Extracting variants from dbNSFP

0

Entering edit mode

4.2 years ago

NGSCanBioinf ▴ 10

Hello, Is there any ways to extract specific variants from a dbNSFP file by providing the chromosome location at the command line?

annotation • 1.5k views

ADD COMMENT • link updated 4.2 years ago by Jorge Amigo 14k • written 4.2 years ago by NGSCanBioinf ▴ 10

score 1 · Answer 1 · 2020-11-03

1

Entering edit mode

4.2 years ago

Pierre Lindenbaum 165k

tabix .

ADD COMMENT • link 4.2 years ago by Pierre Lindenbaum 165k

score 1 · Answer 2 · 2020-11-03

Just to elaborate a little bit Pierre's answer...

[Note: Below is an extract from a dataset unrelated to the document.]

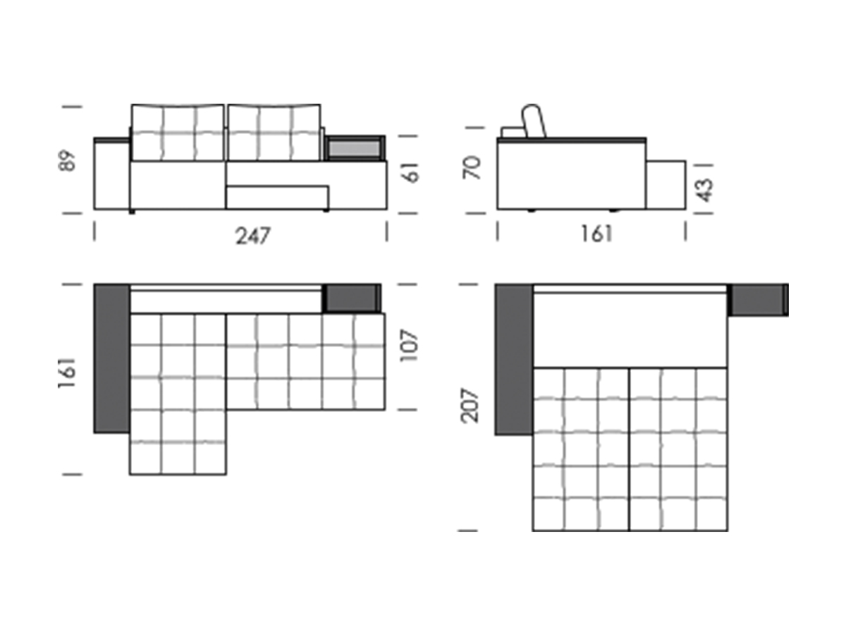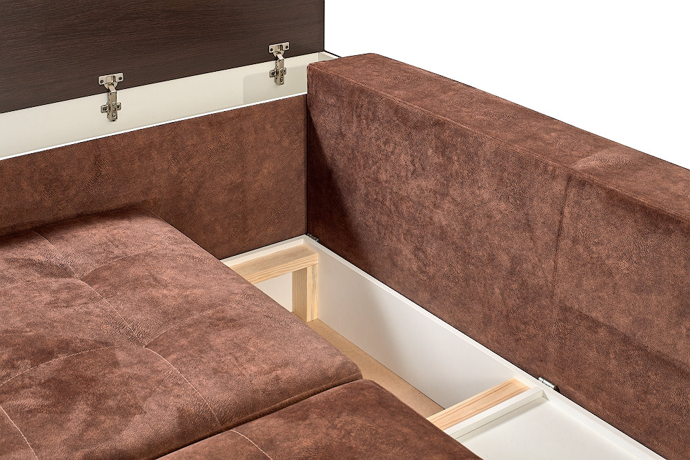 • Один подлокотник шириной ____ см, выполнен в виде тумбы, выполняющей роль дополнительного ящика для белья, с накладкой из ламинированного ДСП, проклеенного кромкой ПВХ 2 мм,

I agree that tabix would be the fastest way to do it, but considering that dbNSFP comes in a single zip file containing chromosome gzipped (not bgzipped) files, the best way to do it would be to unzip the particular chromosome you're interested in, bgzip it, tabix index it, and then query it with tabix.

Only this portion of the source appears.